Currently, labs around the country are using
nanomaterials for research and design of
lighter, stronger materials. Numerous labs use
scanning electronmicroscopes (SEM), but their
purposes are largely qualitative. No all-in-one
process or software package currently exists to
provide a quick, affordable way to make
nanomaterial production viable at an
industrial scale. Designing such a process
would allow the development of quality
engineering tools to optimize process yield and
reduce variance. Without such tools,
nanotechnology will be prohibitively expensive to
produce on an industrial scale. The system to
enable the development of the necessary
engineering tools would use data extracted from
the SEM images to learn patterns from the data
and allow predictions to be made.
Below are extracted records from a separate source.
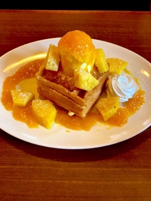 Read moreパイナップルとマンゴーのワッフル、チョコレートウィンナー珈琲ICE、チーズケーキ、インド風ミルクティーICEをいただきました。 焼きたてワッフルは言わずもがな、マンゴーピューレが粗濾しで果肉感が感じられ美味しいです。 チョコレートウィンナー珈琲はHOTにしないとクリームが溶けにくいです。私の選択ミスでした。 他所で飲むとデフォルトで甘いところが多いですが、ここは無糖なのでインド風ミルクティーのスパイスがより感じられます。シロップは別に来るので甘党の方もご安心ください。チーズケーキはチーズしっかり目ですが、ストロベリーソースが甘すぎず口をさっぱりさせ、あっという間に無くなりました。ご馳走様でした₍₍...
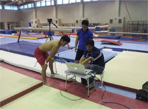 1964도쿄올림픽을 계기로 스포츠과학에 깊은 관심을 갖게 된 우리 체육계는 준정부기관인 한국스포츠개발원(KISS)을 중심으로 훈련 현장의 과학화와 효율적이고 체계적인 지원을 통해 선수들이 최상의 경기력을 발휘할 수 있도록 돕고 있다. 남자기계체조 훈련장에서 양학선(왼쪽)의 훈련 분석을 돕는 KISS 송주호 담당 연구원(오른쪽)의 모습. 사진제공|KISS
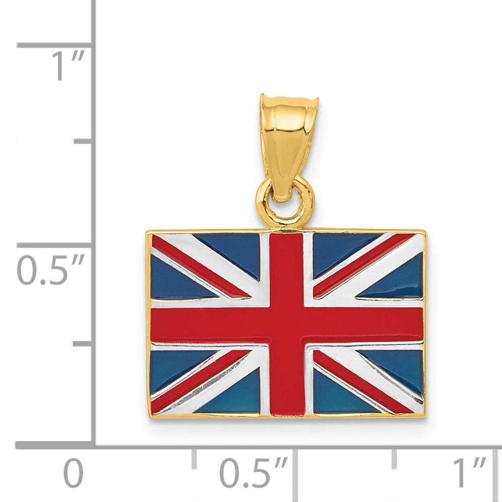 14K and White Rhodium Solid Enameled United Kingdom Flag Pendant
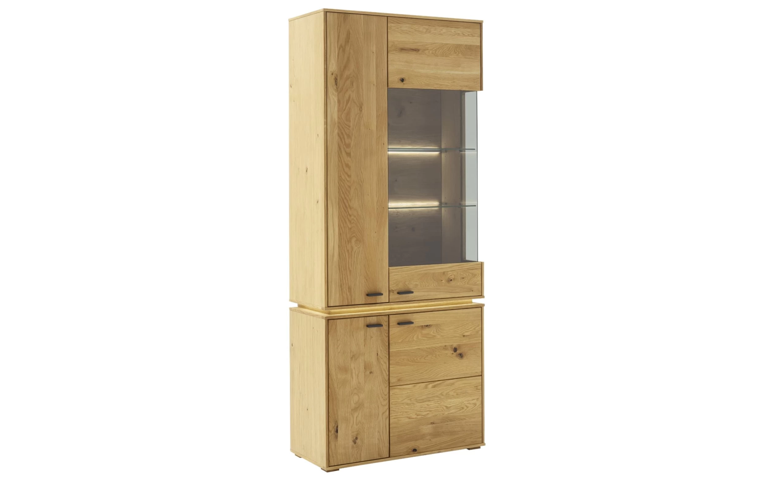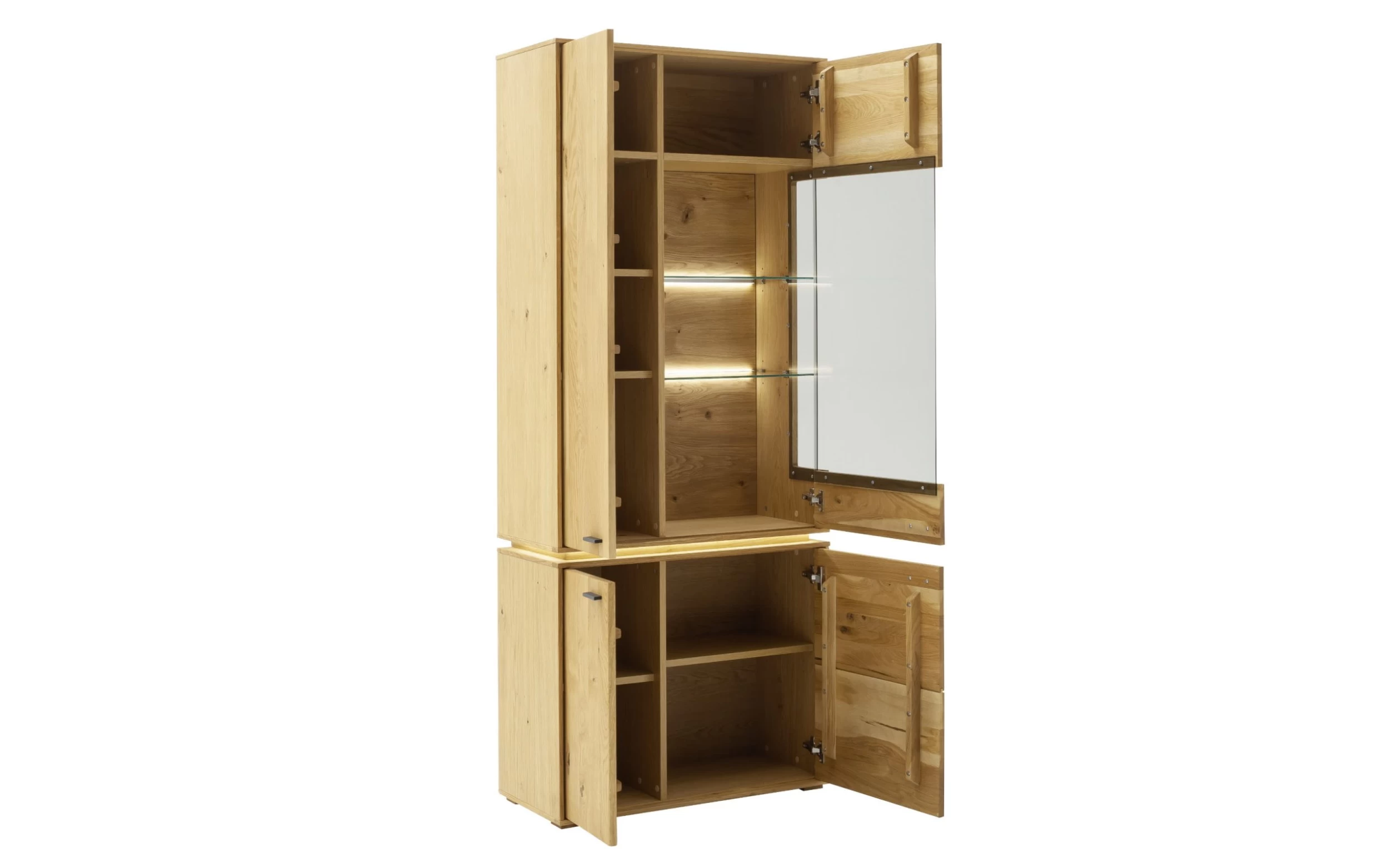 Sideboard Barcelona In Balkeneiche Massiv /Eiche Bianco Furniert, Inklusive Beleuchtung
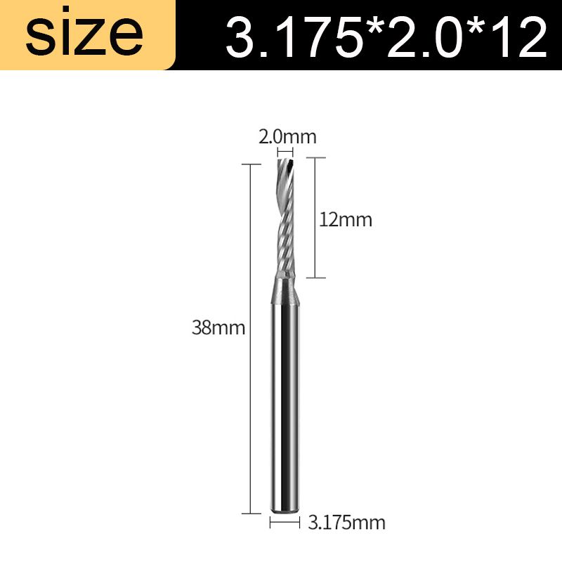3.175x2x12 5pcs Fraises à spirale en carbure de tungstène, 1 cannelure, outils CNC pour bois acrylique MDF 3.175 4 6 8mm ""Nipseyteko

Machine
learning can be applied to complete this task and
provide the tools needed to scale up
nanomanufacturing. Therefore, the development
of automated systems for estimating size and
spatial distribution, which heavily influence
material properties at the nanoscale, is necessary
for the scale-up of nanomanufacturing processes.
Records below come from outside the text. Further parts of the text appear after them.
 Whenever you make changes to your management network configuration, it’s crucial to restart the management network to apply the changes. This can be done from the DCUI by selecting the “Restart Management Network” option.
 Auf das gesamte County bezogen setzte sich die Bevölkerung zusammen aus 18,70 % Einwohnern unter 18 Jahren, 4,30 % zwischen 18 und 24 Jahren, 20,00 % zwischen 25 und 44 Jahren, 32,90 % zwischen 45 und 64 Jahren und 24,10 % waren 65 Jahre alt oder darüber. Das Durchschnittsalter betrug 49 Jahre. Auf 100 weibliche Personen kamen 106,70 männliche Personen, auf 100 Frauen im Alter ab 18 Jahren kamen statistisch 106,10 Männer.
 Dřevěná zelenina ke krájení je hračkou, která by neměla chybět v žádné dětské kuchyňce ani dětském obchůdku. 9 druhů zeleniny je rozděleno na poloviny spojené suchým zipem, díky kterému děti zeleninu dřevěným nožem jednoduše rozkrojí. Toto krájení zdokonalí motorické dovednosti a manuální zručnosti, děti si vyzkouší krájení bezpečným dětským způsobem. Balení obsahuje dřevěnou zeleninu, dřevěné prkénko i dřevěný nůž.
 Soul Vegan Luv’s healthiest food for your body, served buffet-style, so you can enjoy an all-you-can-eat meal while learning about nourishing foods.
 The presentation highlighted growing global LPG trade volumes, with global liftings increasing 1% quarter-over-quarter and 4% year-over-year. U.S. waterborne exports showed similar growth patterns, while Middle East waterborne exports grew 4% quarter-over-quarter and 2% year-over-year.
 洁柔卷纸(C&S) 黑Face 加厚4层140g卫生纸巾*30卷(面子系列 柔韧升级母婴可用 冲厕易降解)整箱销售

Dimensional estimation and control would allow
industries to quickly, accurately, and affordably
determine the best nanomanufacturing processes.
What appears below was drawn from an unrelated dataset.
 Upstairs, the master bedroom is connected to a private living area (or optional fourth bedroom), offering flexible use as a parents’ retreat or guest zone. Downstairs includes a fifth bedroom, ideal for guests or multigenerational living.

This capability would also allow for the
standardization of nanomanufacturing processes,
further improving scalability.
FIGURE 1: APPLICATION OF NANOMATERIALS IN
CANCER TREATMENT [2].
FIGURE 2: APPLICATION OF NANOMATERIALS (IN
THIS CASE, SILVER NANOWIRES) IN IMPROVING
SOLAR CELL TECHNOLOGY [5].
FIGURE 3: APPLICATION OF NANOMATERIALS IN
STRUCTURAL HEALTH MONITORING [4].

Berger 3
The need for a way to scale up nanomanufacturing was addressed by using supervised machine learning
methods to correctly predict the locations of nanorods in SEM images with the goal of extracting dimension
estimates based on the projection lengths. Machine learning is a hot topic for research both by
statisticians and computer scientists, and as a result, new literature on this subject continues to
emerge. Pattern recognition, a branch of machine learning, has numerous applications including
facial recognition, medical imaging and diagnostics, and speech recognition, to name a few. As
computing power has grown exponentially [7], statistical computing has become widely used in a
variety of fields. We applied all of these principles to extract features from and classify our
micrographs in order to make predictions and estimate nanorod dimensions.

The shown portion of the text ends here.